You can make the connection between classical and quantum field theories through the functional methods. In QFT you have a generating functionals,
\begin{equation}
Z[J]=\int \mathcal{D}\Phi e^{iS[\phi]+iJ\cdot\phi},\quad E[J]=i\ln{Z[J]},\quad J\cdot\phi=\int d^4x\,J(x)\phi(x)
\end{equation}
with $E[J]$ generating connected correlators,
\begin{equation}
(i)^{n+1}\langle\phi(x_1)\ldots\phi(x_n)\rangle_{con,J}=\frac{\delta^n}{\delta J(x_1)\ldots \delta J(x_n)}E[J]
\end{equation}
Let's introduce $\phi_{cl}(x)\equiv\langle\phi(x)\rangle_J=-\frac{\delta E[J]}{\delta J(x)}$. Then we can perform the Legendre transform from function depending on $J$ to function depending on $\phi_{cl}$ introduce the quantum effective action,
\begin{equation}
\Gamma[\phi_{cl}]\equiv -E[J]-J\cdot\phi
\end{equation}
To go back you can always use $\frac{\delta \Gamma[\phi_{cl}]}{\delta\phi_{cl}(x)}=-J(x)$. The important thing for us is that at tree level,
\begin{equation}
\Gamma[\phi_{cl}]\simeq S[\phi_{cl}]
\end{equation}
From here we will make the connection we are looking for.

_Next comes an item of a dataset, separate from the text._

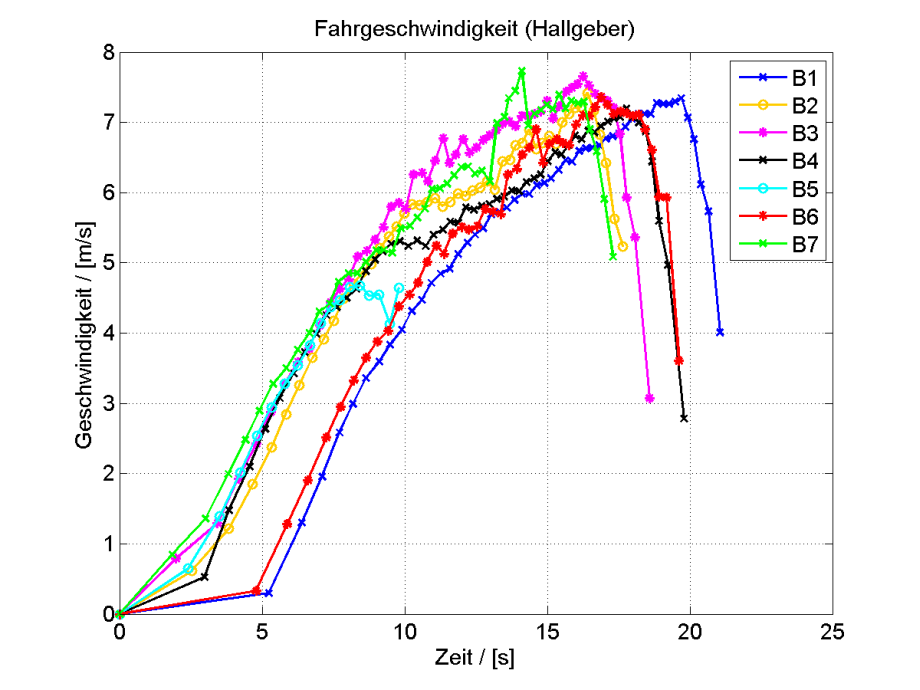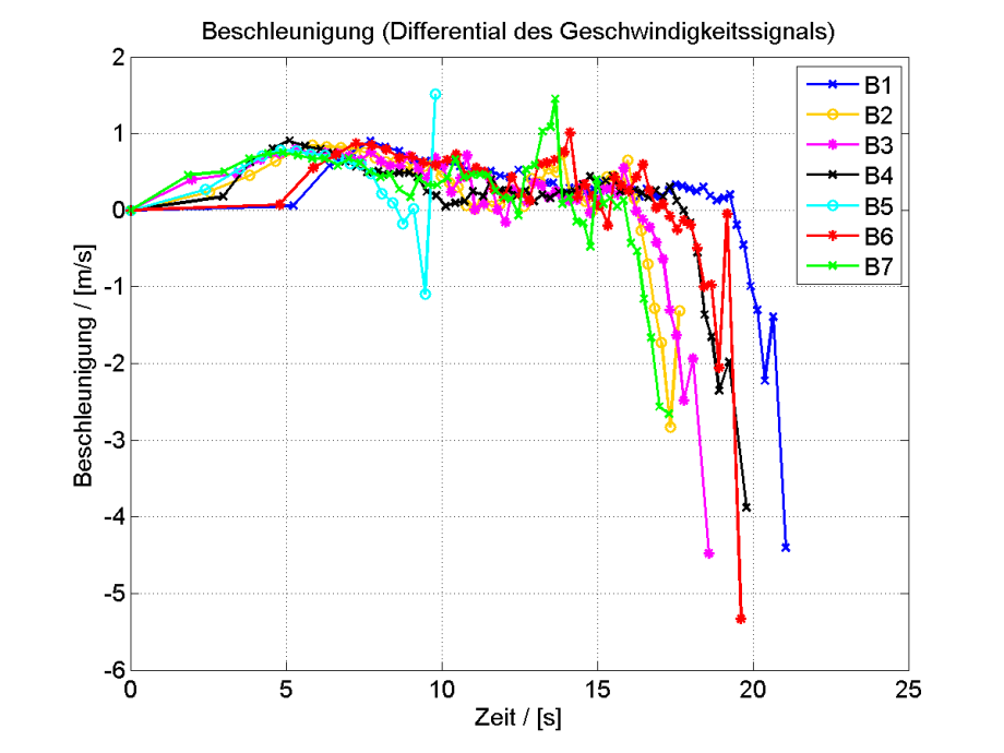Bild 12 zeigt die Geschwindigkeitsverläufe für die zweite Versuchsreihe. Man erkennt, dass jeweils etwa 7…7,5 m/s entsprechend 25…27 km/h als Höchstgeschwindigkeit erreicht werden, bevor dann die Bremsung einsetzt. Die Geschwindigkeitswerte fallen danach stark ab, gehen jedoch nicht ganz auf Null zurück, was von der doch recht groben Diskretisierungs-Schrittweite des Hallgebers herrührt.

Start with the classical action $S[\phi]$ and supplement it with some external sources,
\begin{equation}
S_{full}[\phi,J]=S[\phi]+J\cdot\phi
\end{equation}
The classical analog of $E[J]$ is given simply by the value of this full action on the solution of the classical equations of motion $\phi_J$,
\begin{equation}
\frac{\delta S[\phi]}{\delta\phi(x)}\Bigg\vert_{\phi=\phi_J}=-J(x),\quad E_{cl}[J]\equiv-S_{full}[\phi_J,J]
\end{equation}
The variation of this functional will be a classical analogue of the connected correlators. You may ask yourself what it's good for. You may try to find the approximate solution of $\phi_J$ as a series in powers of $J$,
\begin{equation}
\phi_J(x_1)=\phi_0(x_1)+\sum_{n=1}^{+\infty}\frac{1}{n!}\int d^4x_2\ldots d^4x_n\,G_n(x_1,x_2\ldots x_n)J(x_2)\ldots J(x_n)
\end{equation}
As usual in the Taylor series,
\begin{equation}
G_n(x_1,x_2\ldots x_n)=\frac{\delta^{n-1}\phi(x_1)}{\delta J(x_2)\ldots\delta J(x_n)}\Bigg\vert_{J=0}
\end{equation}
On the other hand if you take the variation of $E_{cl}$ you will have,
\begin{aligned}
&\frac{\delta^n E_{cl}[J]}{\delta J(x_1)\ldots \delta J(x_n)}\Bigg\vert_{J=0}=\\
&-\frac{\delta^{n-1}}{\delta J(x_2)\ldots \delta J(x_n)}\left\{\int d^4y\frac{\delta S[\phi]}{\delta \phi(y)}\frac{\delta\phi_J(y)}{\delta J(x_1)}+\int d^4y\, J(y)\frac{\delta\phi_J(y)}{\delta J(x_1)}+\phi_J(x_1)\right\}\Bigg\vert_{J=0}
\end{aligned}
using the definition of $\phi_J$ two first terms cancel each other and we get,
\begin{equation}
\frac{\delta^n E_{cl}[J]}{\delta J(x_1)\ldots \delta J(x_n)}\Bigg\vert_{J=0}=-\frac{\delta^{n-1}\phi_J(x_1)}{\delta J(x_2)\ldots\delta J(x_n)}\Bigg\vert_{J=0}=-G_n(x_1,x_2\ldots x_n)
\end{equation}
I.e. those functions contracted with $J$ will appear in the decomposition of $\phi_J$. Even more usefully if you consider $\phi^n$ theory,
\begin{equation}
-\partial_\mu\partial^\mu\phi(x)-m^2\phi(x)=\frac{g}{(n-1)!}\phi^{n-1}(x)-J(x)
\end{equation}
then in the perturbation theory in $g$ the power of $g$ would also uniquely determine the power of $J$. Thus you may see that the $n$-th power in $g$ will be described by a specific tree level $N$-point connected correlation function which is mentioned in the answers on the question you've linked.